It is expected that immediate placement is more likely to be indicated due to the root divergence or convexity/concavity in 3D-printed implant placement. Although 3D-printed implants, displaying inherent rough surfaces, can improve osteogenic differentiation and early osseointegration following implantation compared with conventional machined surfaces8, secondary stability should be facilitated to achieve immediate or early loading protocol with 3D-printed implants. In addition, compromised osteogenic situations including osteoporosis or diabetes requires the promotion of osseointegration. Therefore, it is necessary to promote osseointegration to reduce the decrease in stability of the 3D-printed implant with implant surface modification.

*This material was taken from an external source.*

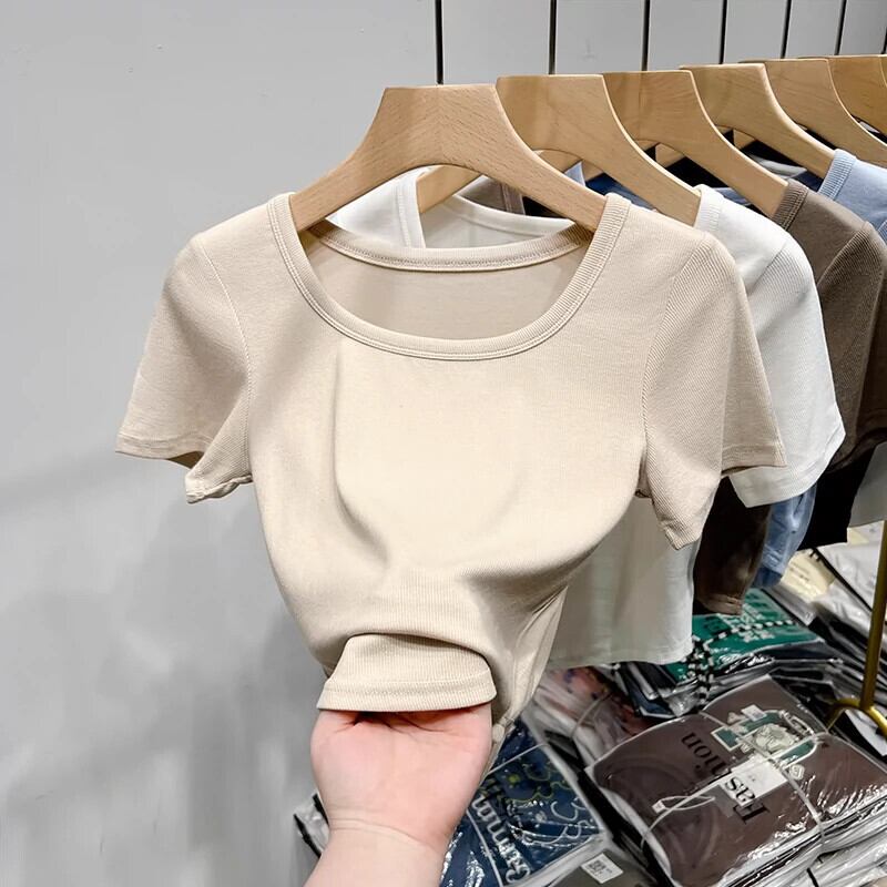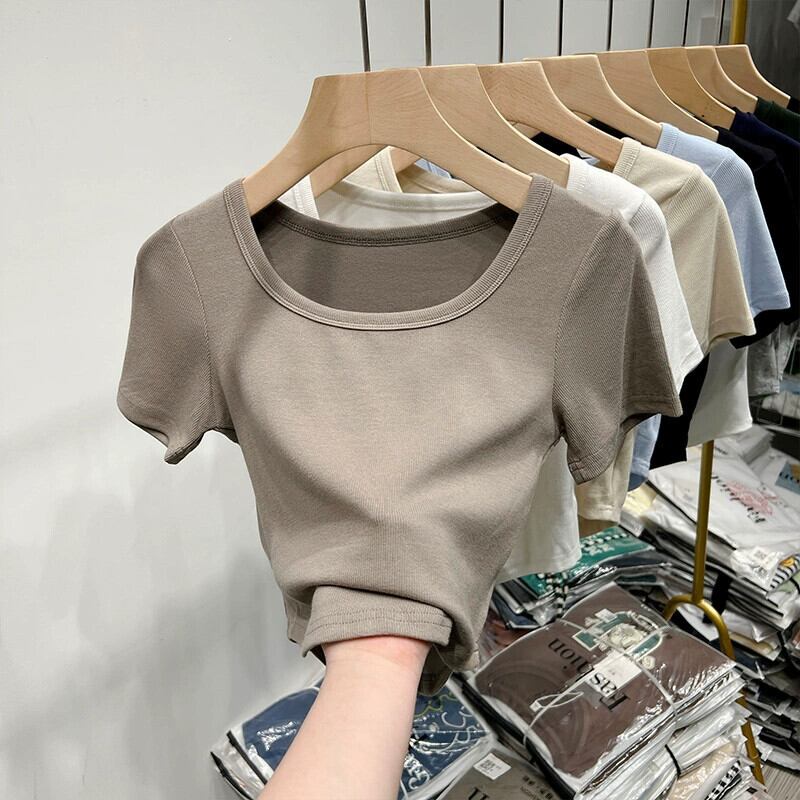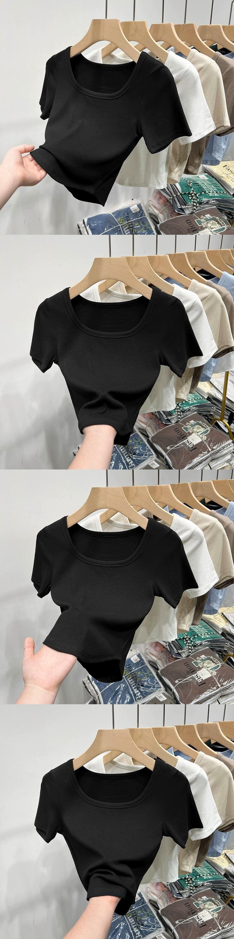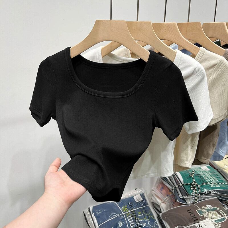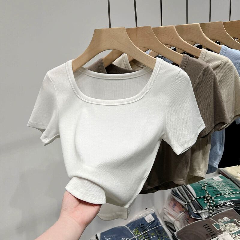 イレギュラーショルダー半袖Tシャツレディース、夏デザイン、スリムフィット、カーブ裾、スクエアネックショートトップ、トレンディ サマー 夏物 スクウェア 7460012088809835 | framboise21
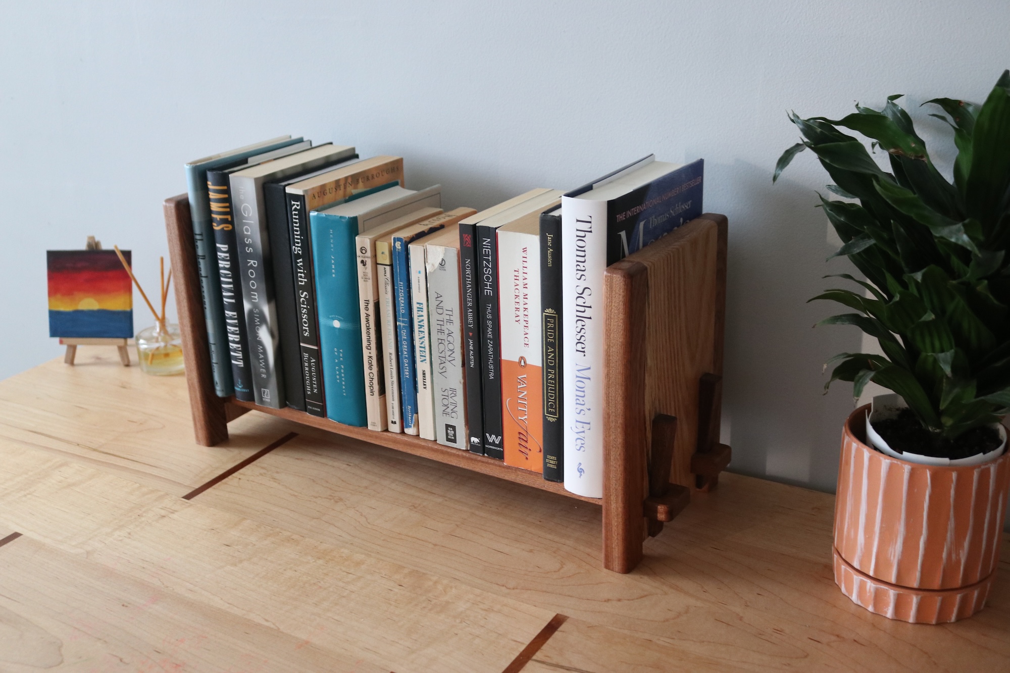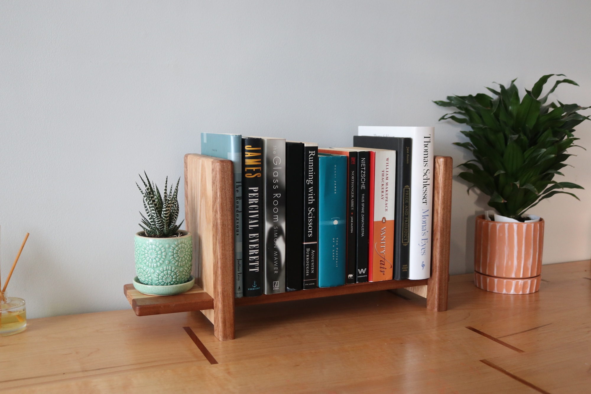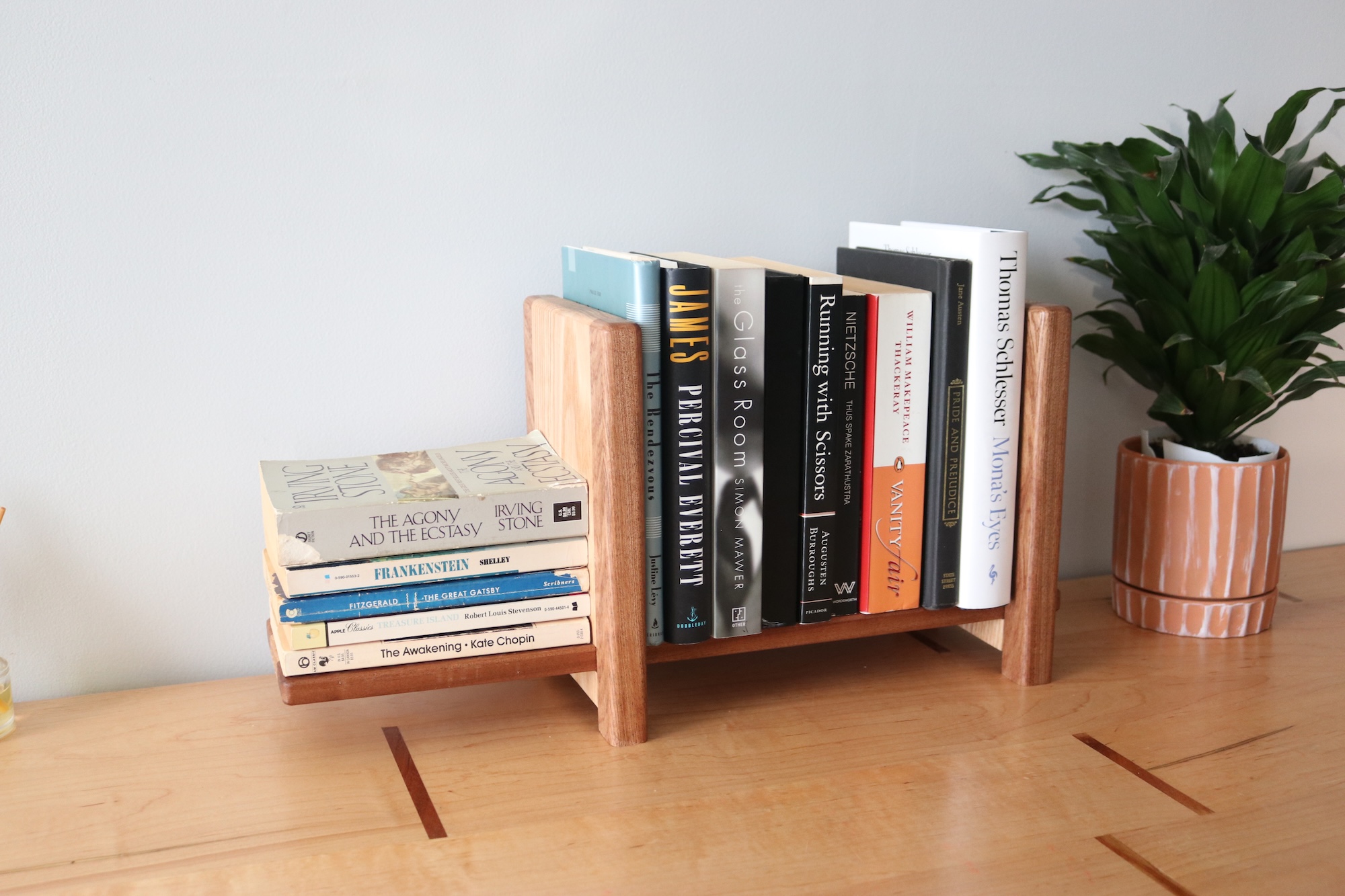 Designed for readers who like things tidy—but flexible. This handcrafted tabletop bookshelf features one fixed bookend and one sliding bookend, allowing you to easily adjust the width to fit your current stack of books. Whether you’re organizing a few favorites or a growing collection, this shelf adapts as your needs change.

Various implant surface modification techniques have been introduced and studied to promote osseointegration of dental implants9,10,11. Sandblasting with large grit and acid-etched (SLA) surface is one of the representative surface treatments to imbue proper roughness and has been proven in numerous literatures to be successful bone-to-implant contact12,13. In the context of surface treatment, a recent study reported that 3D-printed implant with SLA surface treatment showed an improved osteogenic differentiation of bone marrow-derived mesenchymal stromal cells and osseointegration in a rat model14.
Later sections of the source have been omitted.